Because laws are involved even if you keep the car it is required by most all states Department of Motor Vehicles that they brand the vehicle and you have to trade in the clean title for a salvage title on the car. Again as we mentioned if you have the car fixed your state may have a rebuilt branded title that you can trade the salvage in for.
My second car a few years ago was a sleek, teal colored T-Bird, which was a very pleasant little car to drive. It had brand new tires, the transmission and engine were kept in "like new" condition, and it was a real pain to lose it.
Unfortunately one pleasant Sunday afternoon I was driving down one of our little country two lane roads here in Florida when a person pulled out in front of me while I was doing 50 miles per hour. I skidded almost to a stop before I hit him in the driver's side door. Gladly, no one was hurt, except the T-Bird and the other fellow's car.
It was enough damage to the front end of the car that the cost of repair easily exceeded the total value of the car. Even though the car was repairable, I had to give it up since it did not make sense to keep it. My insurance company paid me for the car, about $2,000, but I would have had to pay them roughly $1,800 to purchase the vehicle back. Then I would be out the $3,000 it would have taken to repair the vehicle properly, and to have it certified drivable so a proper title (rebuilt) could be issued. So you see it is not a win-win situation when this sort of thing happens to you.
The laws vary from state to state, so if you do desire to re-purchase (buy back) and repair the car, you may need the assistance of an attorney. Usually it is fairly "cut and dry" by law, so if you have a cooperative claims person at the insurance company you may be able to work out something on your own. Normally if you want to buy back the vehicle and you do not have a line holder than the salvage value of the vehicle would be taken out of your settlement amount and then you could keep the car and get repairs made. So if we go back to the numbers from earlier and your settlement check is for $4,195 and the salvage value of the car is $1000 than you would get back $3,195 from the insurance company and get to keep the car. You would have to trade in your clean title for a salvaged title with your DMV and now pay for repairs.
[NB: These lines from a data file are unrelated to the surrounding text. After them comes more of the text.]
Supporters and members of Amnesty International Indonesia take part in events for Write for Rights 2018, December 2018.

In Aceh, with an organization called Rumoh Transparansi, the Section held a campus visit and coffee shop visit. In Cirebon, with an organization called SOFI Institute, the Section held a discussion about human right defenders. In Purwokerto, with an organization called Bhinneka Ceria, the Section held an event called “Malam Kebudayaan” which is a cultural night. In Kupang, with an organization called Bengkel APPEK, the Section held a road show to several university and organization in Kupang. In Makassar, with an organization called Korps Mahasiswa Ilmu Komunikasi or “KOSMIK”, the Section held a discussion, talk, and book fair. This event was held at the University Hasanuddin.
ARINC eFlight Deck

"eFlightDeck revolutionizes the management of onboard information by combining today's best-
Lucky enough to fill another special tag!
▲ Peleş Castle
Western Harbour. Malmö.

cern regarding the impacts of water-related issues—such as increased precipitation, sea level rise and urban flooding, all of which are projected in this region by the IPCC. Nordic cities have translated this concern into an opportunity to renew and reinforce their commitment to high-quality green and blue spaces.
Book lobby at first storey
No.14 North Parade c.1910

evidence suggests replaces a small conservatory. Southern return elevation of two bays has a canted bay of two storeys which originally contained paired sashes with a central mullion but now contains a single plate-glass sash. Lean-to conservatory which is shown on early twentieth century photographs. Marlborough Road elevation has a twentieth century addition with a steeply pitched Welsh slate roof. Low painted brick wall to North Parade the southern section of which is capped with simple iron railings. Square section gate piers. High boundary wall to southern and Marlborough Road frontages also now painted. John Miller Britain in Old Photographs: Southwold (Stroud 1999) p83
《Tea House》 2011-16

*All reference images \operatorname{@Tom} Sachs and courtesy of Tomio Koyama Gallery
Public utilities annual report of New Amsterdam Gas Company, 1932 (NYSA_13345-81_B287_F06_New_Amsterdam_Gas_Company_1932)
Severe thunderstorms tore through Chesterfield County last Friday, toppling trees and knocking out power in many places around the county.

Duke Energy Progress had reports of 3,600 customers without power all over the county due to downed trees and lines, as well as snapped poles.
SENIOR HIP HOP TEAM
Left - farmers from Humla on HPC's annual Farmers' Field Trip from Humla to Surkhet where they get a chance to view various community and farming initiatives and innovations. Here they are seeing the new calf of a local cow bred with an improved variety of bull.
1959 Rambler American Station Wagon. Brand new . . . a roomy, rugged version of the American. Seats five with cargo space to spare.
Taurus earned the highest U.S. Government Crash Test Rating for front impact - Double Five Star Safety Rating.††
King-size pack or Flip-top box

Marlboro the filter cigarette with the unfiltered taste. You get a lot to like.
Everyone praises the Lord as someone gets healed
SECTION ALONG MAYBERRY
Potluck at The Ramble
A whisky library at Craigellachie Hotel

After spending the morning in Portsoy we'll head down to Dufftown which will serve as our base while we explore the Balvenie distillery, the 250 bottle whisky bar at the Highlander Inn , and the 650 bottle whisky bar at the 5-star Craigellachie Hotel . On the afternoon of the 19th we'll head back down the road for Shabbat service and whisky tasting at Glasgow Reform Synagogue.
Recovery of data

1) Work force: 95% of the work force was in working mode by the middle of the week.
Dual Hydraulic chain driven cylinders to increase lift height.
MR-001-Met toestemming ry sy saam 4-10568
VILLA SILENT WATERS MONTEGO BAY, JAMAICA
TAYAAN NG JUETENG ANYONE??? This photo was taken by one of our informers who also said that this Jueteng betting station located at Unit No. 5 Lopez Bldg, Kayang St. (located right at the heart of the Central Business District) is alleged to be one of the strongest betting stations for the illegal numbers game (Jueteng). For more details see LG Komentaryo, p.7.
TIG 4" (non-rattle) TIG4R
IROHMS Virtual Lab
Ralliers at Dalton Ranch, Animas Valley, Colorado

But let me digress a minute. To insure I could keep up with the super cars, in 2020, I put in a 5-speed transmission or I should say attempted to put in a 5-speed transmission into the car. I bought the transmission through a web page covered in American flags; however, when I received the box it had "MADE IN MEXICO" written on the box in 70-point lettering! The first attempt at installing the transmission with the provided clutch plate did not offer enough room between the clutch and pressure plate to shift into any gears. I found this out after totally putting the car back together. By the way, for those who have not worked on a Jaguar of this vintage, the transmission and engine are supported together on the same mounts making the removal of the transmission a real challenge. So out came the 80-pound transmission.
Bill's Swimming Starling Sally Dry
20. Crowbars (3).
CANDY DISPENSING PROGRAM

If the repairs are minor and you really want to keep the car because you know it is reliable and you could not replace it for the cost of the repairs you may want this option or you may just want to move on, take your insurance claim money and go shopping for another new or used vehicle. It is wise to find out the cost of repairs before asking to buy back your car. Since you already know from the car being totaled out that the cost of repairs are more than the value of the car you have to decide what the best choice for your situation is.
Whatever the case, always keep your car protected by maintaining your insurance policy coverage. If you do end up signing over the title to the insurance company and letting them take it away as salvage make sure that you follow your state's laws for turning in the license plates and then taking insurance off of it so that you are not hit with penalties for a lapse of insurance on a non-operational vehicle.